#### STORED DATA:
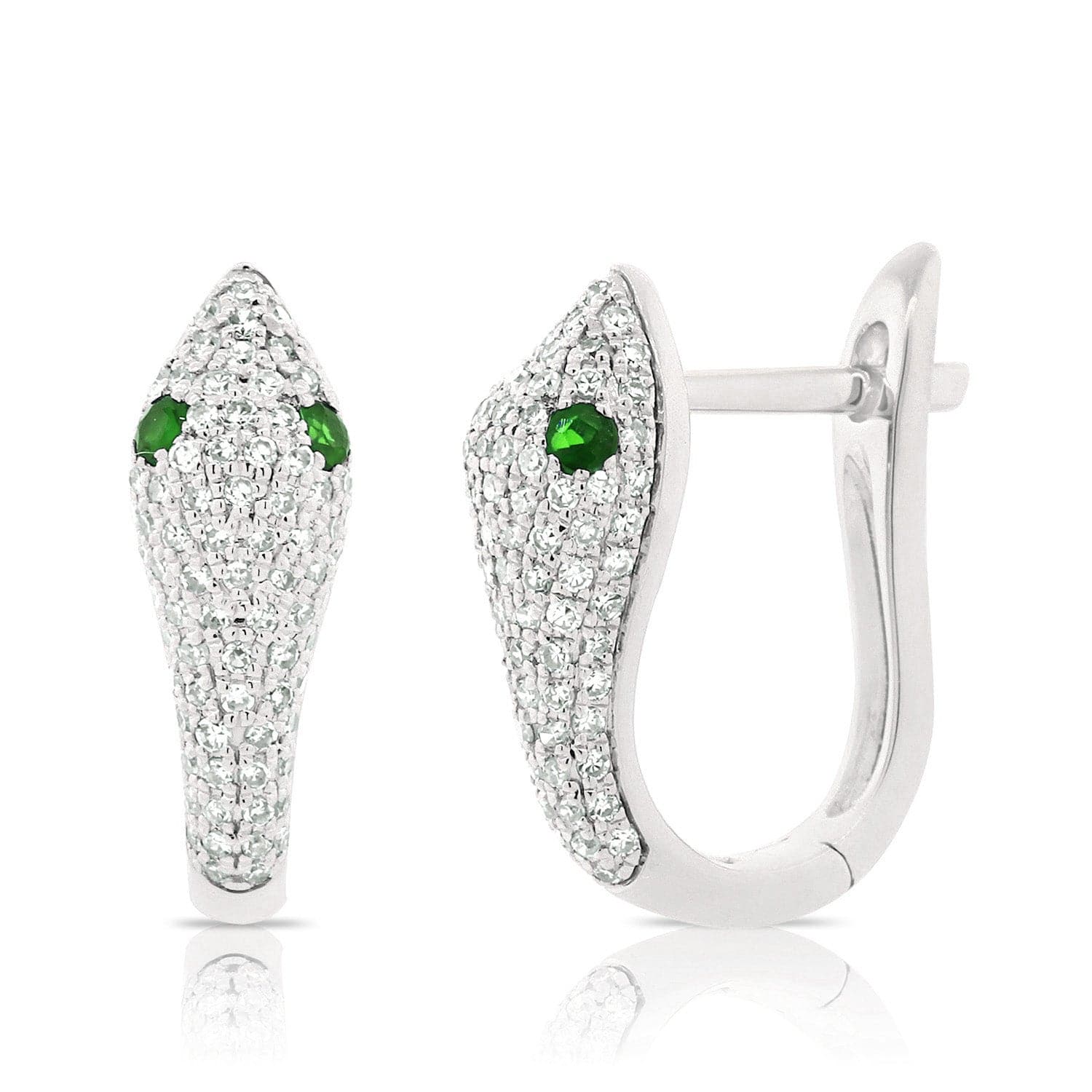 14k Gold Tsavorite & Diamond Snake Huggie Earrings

==

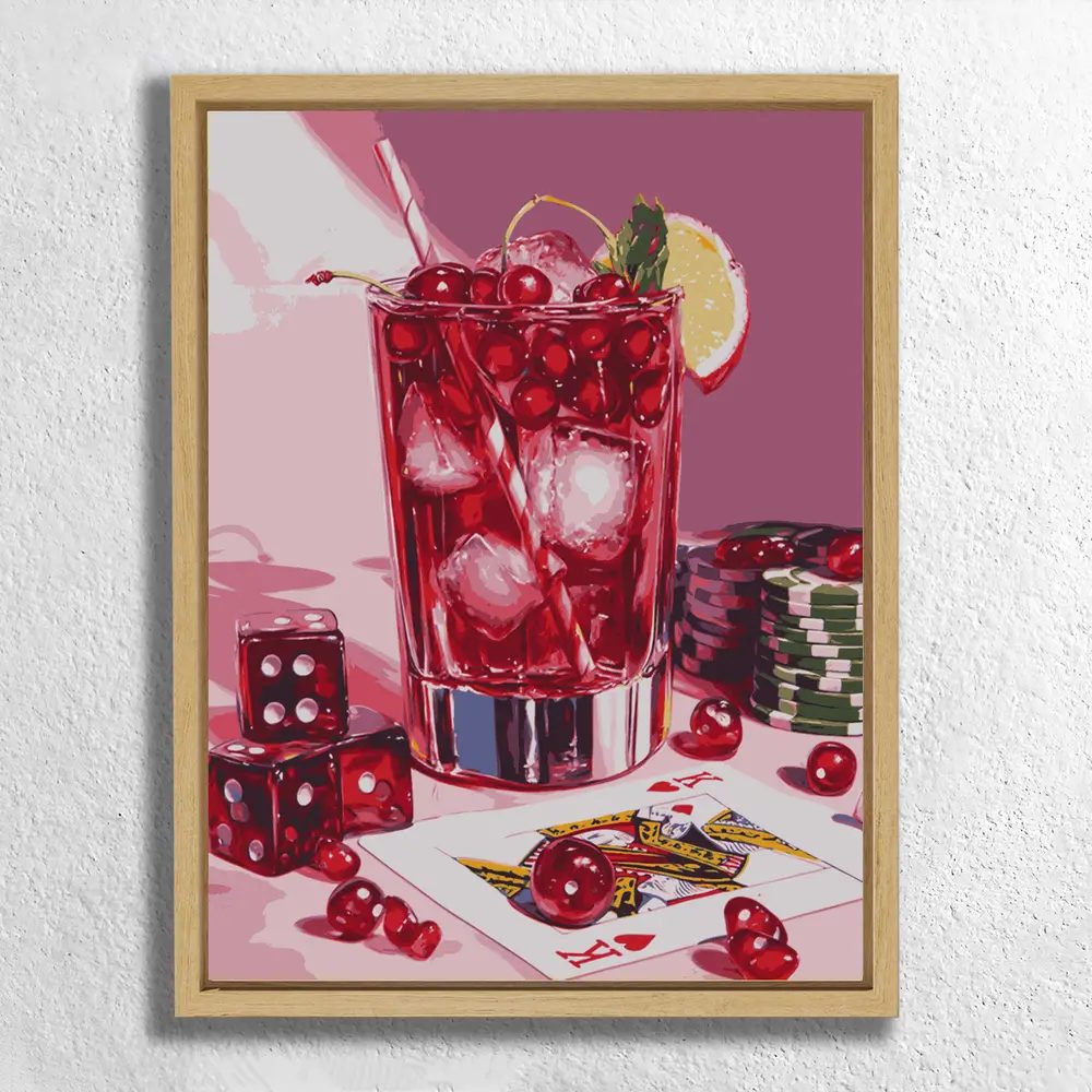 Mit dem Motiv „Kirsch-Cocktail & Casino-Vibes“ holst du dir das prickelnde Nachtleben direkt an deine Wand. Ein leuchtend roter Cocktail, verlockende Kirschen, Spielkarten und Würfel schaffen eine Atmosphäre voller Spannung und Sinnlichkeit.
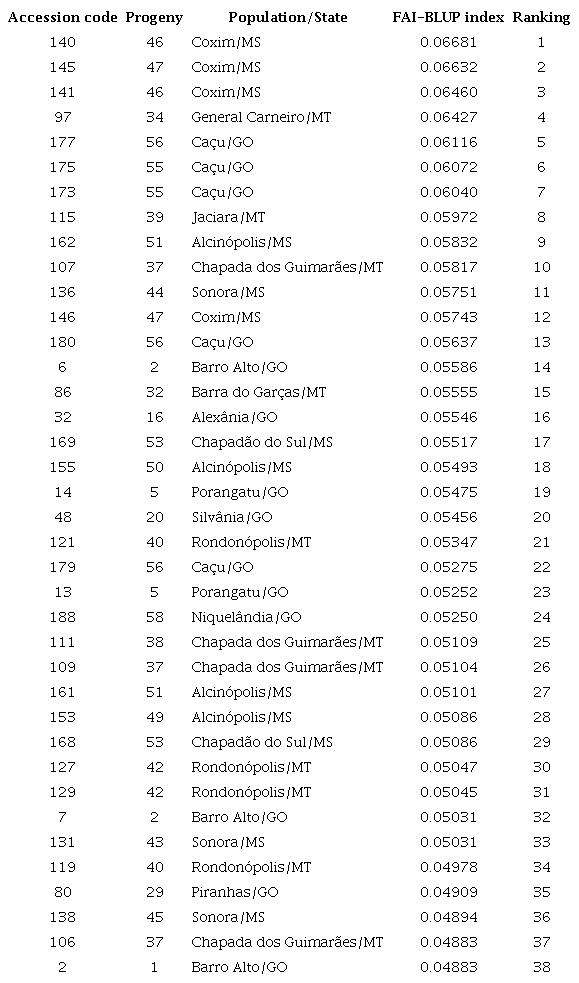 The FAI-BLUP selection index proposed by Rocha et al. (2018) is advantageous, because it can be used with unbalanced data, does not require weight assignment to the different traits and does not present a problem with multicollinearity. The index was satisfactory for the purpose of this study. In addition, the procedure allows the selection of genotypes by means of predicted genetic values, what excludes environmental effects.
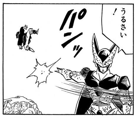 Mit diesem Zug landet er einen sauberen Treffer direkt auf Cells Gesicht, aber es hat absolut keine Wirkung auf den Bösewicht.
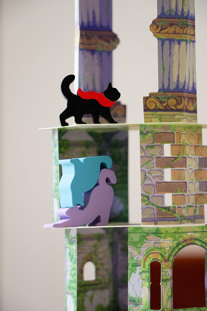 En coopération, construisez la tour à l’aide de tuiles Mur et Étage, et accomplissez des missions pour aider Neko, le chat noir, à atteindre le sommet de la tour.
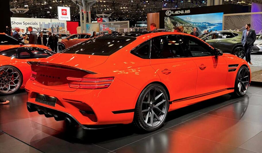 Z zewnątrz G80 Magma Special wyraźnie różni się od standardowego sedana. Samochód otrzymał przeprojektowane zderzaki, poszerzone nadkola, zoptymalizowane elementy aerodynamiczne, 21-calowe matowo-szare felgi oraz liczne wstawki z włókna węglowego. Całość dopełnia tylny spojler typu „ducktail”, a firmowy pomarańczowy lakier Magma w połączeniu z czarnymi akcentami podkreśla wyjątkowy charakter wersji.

#### YOUR OBJECTIVE:
Restate the lines above from the one containing "Mit dem Motiv" through the one containing "Z zewnątrz G80", inclusive, exactly and without pictures.

#### SOLUTION BELOW:
 Mit dem Motiv „Kirsch-Cocktail & Casino-Vibes“ holst du dir das prickelnde Nachtleben direkt an deine Wand. Ein leuchtend roter Cocktail, verlockende Kirschen, Spielkarten und Würfel schaffen eine Atmosphäre voller Spannung und Sinnlichkeit.
 The FAI-BLUP selection index proposed by Rocha et al. (2018) is advantageous, because it can be used with unbalanced data, does not require weight assignment to the different traits and does not present a problem with multicollinearity. The index was satisfactory for the purpose of this study. In addition, the procedure allows the selection of genotypes by means of predicted genetic values, what excludes environmental effects.
 Mit diesem Zug landet er einen sauberen Treffer direkt auf Cells Gesicht, aber es hat absolut keine Wirkung auf den Bösewicht.
 En coopération, construisez la tour à l’aide de tuiles Mur et Étage, et accomplissez des missions pour aider Neko, le chat noir, à atteindre le sommet de la tour.
 Z zewnątrz G80 Magma Special wyraźnie różni się od standardowego sedana. Samochód otrzymał przeprojektowane zderzaki, poszerzone nadkola, zoptymalizowane elementy aerodynamiczne, 21-calowe matowo-szare felgi oraz liczne wstawki z włókna węglowego. Całość dopełnia tylny spojler typu „ducktail”, a firmowy pomarańczowy lakier Magma w połączeniu z czarnymi akcentami podkreśla wyjątkowy charakter wersji.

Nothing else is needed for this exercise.